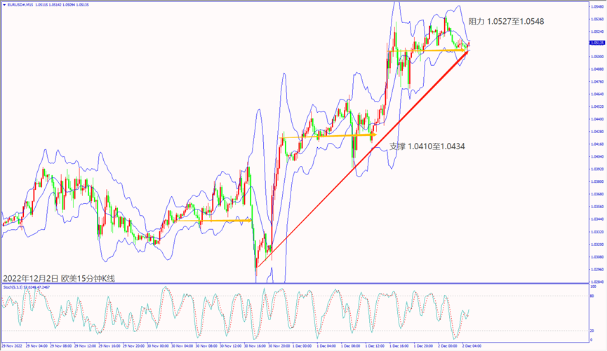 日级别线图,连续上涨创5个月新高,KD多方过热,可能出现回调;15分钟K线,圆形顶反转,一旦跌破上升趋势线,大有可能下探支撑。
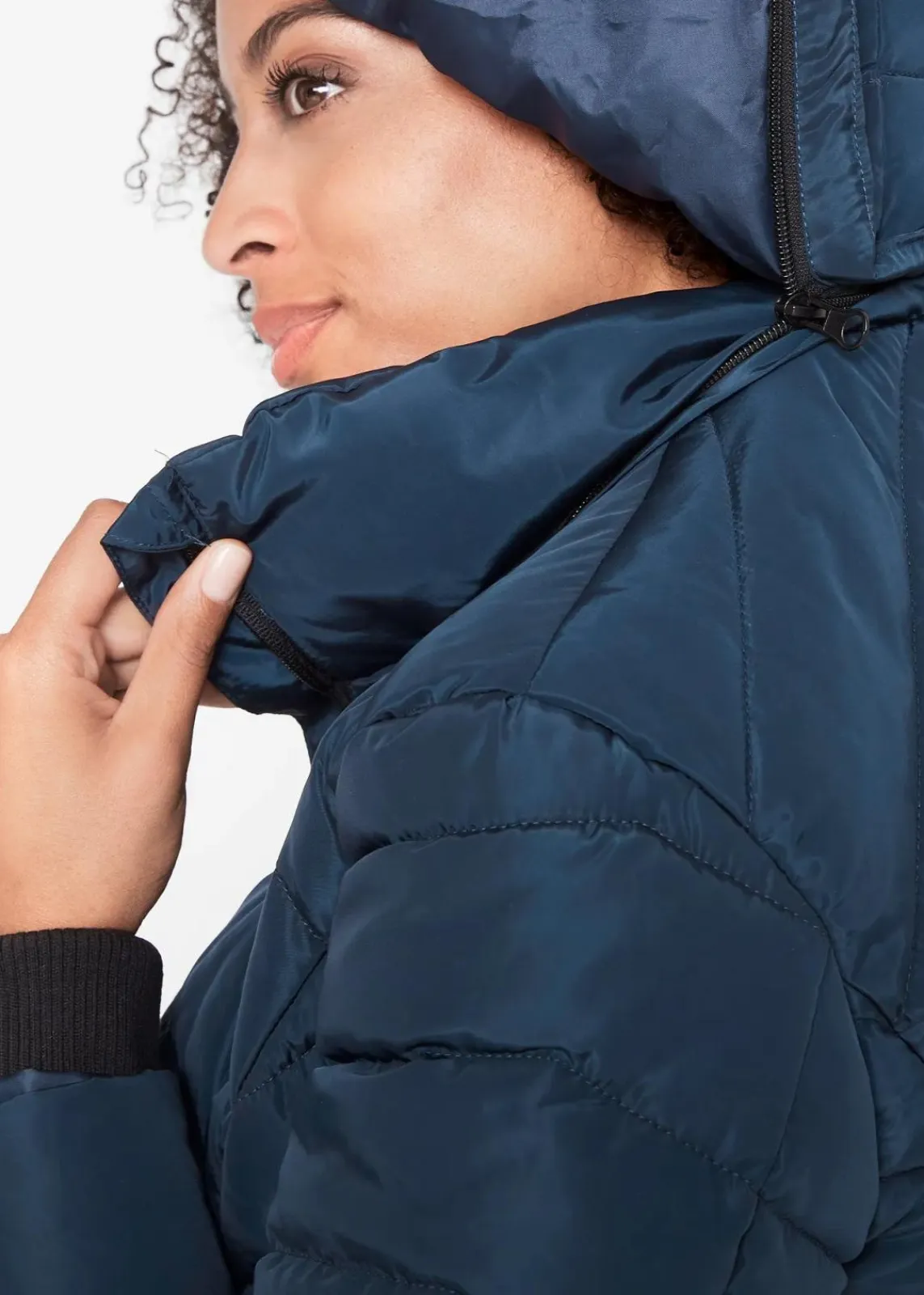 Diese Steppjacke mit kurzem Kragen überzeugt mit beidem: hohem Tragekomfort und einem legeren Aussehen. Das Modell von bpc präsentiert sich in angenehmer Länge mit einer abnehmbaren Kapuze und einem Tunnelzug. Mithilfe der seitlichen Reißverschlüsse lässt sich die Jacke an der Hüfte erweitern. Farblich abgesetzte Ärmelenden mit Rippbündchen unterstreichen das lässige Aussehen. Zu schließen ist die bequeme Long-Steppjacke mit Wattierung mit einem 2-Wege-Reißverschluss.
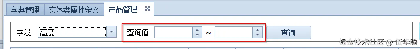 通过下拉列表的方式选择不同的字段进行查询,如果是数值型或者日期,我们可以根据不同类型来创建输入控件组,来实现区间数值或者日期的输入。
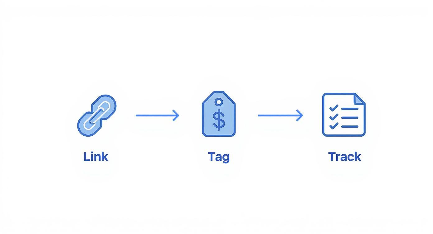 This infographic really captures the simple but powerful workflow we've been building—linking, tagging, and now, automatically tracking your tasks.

········

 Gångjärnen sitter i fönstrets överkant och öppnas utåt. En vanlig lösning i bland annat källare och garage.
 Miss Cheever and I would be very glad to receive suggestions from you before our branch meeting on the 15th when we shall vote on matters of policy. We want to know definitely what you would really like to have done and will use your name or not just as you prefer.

········

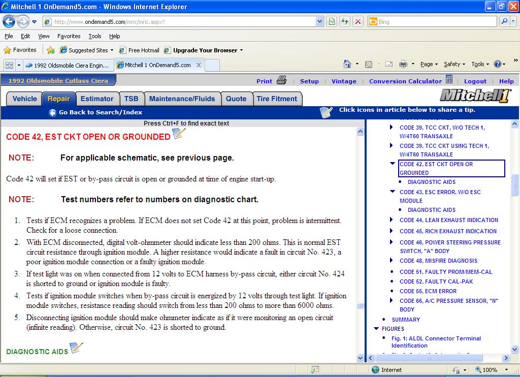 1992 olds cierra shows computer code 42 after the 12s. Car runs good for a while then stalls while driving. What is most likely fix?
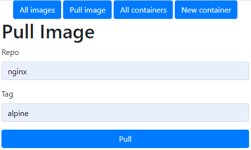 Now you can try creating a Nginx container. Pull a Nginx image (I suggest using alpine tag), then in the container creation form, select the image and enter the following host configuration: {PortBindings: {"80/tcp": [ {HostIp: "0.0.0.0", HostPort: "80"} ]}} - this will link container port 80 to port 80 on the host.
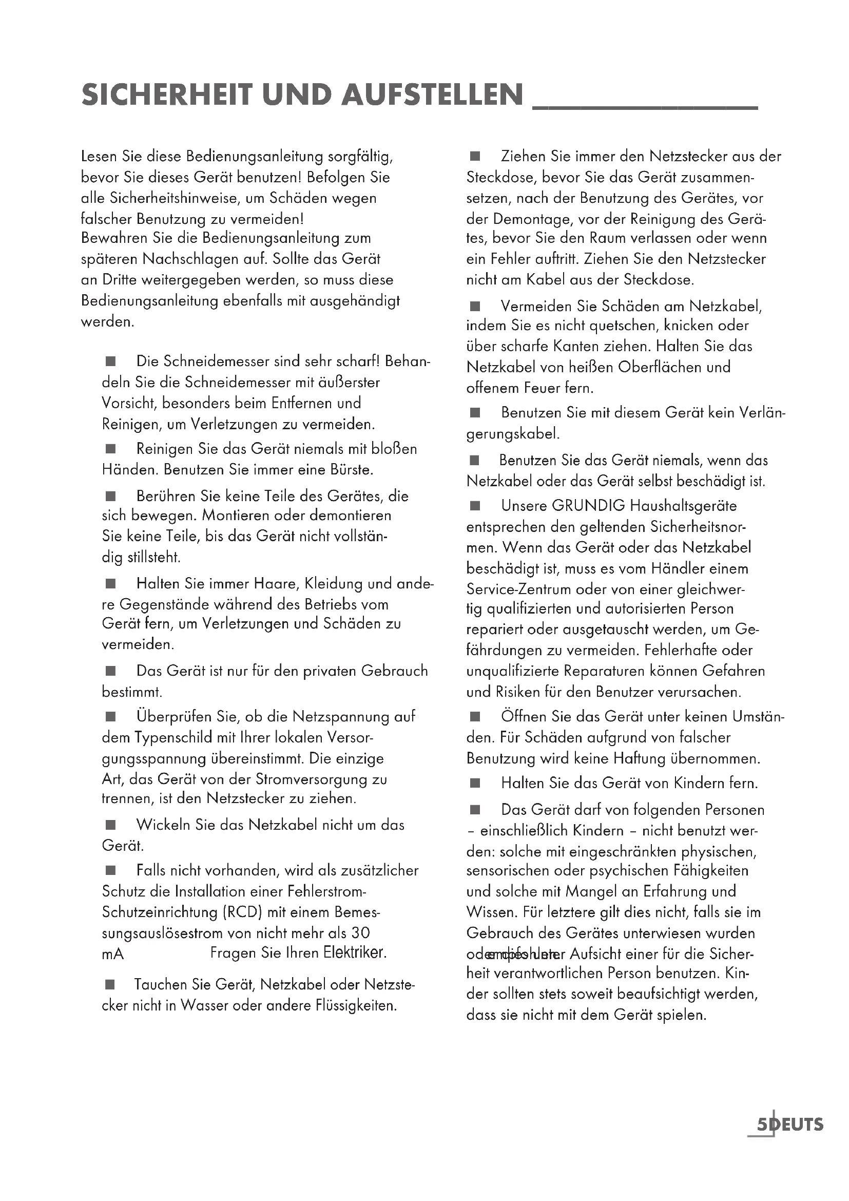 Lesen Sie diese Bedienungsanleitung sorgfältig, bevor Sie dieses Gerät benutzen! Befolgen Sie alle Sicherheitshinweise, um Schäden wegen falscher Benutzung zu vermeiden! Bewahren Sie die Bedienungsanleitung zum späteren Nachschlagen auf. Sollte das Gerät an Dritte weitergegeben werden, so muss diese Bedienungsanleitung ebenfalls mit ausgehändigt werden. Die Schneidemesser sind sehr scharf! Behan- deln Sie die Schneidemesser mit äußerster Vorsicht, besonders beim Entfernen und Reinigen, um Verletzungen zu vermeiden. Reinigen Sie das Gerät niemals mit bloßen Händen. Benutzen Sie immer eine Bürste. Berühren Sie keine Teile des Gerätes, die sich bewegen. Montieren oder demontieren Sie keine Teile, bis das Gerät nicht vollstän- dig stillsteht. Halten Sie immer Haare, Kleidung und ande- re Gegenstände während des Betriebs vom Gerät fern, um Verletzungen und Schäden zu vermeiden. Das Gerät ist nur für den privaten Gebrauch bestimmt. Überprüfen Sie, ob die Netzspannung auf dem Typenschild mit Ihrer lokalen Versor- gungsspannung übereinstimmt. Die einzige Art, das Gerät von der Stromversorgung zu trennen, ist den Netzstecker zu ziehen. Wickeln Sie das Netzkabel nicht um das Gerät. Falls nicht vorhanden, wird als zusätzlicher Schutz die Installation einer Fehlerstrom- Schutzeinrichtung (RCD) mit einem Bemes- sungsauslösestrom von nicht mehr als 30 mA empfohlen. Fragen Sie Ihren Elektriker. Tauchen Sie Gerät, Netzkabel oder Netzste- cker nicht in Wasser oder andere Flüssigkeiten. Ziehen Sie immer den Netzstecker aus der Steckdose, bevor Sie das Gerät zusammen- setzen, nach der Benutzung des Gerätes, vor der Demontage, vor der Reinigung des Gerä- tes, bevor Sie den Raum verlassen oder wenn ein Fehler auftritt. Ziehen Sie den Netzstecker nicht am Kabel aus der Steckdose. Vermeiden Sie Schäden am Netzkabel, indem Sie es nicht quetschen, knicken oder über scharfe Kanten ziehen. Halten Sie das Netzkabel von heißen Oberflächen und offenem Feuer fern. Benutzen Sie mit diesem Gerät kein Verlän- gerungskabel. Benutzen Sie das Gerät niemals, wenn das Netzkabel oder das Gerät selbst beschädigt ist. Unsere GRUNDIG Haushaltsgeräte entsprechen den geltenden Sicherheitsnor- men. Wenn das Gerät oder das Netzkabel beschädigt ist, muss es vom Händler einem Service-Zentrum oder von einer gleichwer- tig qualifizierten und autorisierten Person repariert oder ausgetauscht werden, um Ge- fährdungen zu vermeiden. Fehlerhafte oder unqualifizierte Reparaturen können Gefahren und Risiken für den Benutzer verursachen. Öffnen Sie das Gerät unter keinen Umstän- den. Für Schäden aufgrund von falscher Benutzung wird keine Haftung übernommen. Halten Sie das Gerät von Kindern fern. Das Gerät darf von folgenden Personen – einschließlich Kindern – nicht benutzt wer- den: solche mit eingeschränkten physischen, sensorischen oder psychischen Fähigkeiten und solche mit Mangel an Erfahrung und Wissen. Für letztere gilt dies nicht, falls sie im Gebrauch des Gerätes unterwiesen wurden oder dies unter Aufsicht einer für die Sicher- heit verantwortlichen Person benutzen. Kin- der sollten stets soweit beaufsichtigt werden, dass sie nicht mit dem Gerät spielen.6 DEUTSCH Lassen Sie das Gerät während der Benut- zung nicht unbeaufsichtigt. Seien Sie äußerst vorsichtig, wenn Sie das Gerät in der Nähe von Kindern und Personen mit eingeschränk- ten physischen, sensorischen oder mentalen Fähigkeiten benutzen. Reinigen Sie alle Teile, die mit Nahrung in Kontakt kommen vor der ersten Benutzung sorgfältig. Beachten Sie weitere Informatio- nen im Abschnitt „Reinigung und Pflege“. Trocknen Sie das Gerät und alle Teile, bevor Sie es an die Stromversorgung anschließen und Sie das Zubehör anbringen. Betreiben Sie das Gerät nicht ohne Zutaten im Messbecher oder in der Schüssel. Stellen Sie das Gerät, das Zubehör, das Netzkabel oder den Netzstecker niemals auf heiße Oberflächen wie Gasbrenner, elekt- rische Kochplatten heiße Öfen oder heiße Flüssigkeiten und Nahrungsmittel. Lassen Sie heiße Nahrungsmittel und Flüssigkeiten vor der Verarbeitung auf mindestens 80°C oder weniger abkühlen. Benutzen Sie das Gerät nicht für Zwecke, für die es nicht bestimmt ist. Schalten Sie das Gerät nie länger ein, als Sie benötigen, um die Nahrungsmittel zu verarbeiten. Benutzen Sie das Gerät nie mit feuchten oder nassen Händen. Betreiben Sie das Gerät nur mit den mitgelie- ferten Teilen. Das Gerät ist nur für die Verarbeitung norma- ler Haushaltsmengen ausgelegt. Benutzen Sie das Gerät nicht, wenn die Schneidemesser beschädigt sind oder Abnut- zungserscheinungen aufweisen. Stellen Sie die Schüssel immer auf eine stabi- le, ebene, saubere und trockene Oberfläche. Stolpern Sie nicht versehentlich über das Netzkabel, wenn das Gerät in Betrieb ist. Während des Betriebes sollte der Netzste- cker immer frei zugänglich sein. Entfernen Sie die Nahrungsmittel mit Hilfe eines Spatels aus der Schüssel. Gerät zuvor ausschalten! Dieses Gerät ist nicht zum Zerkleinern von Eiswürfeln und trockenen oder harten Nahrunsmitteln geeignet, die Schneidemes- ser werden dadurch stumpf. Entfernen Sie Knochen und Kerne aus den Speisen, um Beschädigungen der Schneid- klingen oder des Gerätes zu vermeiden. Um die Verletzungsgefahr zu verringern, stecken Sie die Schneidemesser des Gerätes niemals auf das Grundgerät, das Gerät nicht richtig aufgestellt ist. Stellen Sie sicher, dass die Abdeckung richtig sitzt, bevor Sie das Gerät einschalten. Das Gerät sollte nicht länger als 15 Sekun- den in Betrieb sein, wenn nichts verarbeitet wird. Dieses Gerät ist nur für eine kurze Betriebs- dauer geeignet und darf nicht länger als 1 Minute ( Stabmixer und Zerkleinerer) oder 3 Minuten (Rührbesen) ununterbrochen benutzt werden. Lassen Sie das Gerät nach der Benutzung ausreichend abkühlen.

········

Exercise details: Nothing but the lines from the one with "1992 olds cierra" to the one with "Now you can" above, both included, should be transcribed, exactly and without pictures.

Exercise result:
 1992 olds cierra shows computer code 42 after the 12s. Car runs good for a while then stalls while driving. What is most likely fix?
 Now you can try creating a Nginx container. Pull a Nginx image (I suggest using alpine tag), then in the container creation form, select the image and enter the following host configuration: {PortBindings: {"80/tcp": [ {HostIp: "0.0.0.0", HostPort: "80"} ]}} - this will link container port 80 to port 80 on the host.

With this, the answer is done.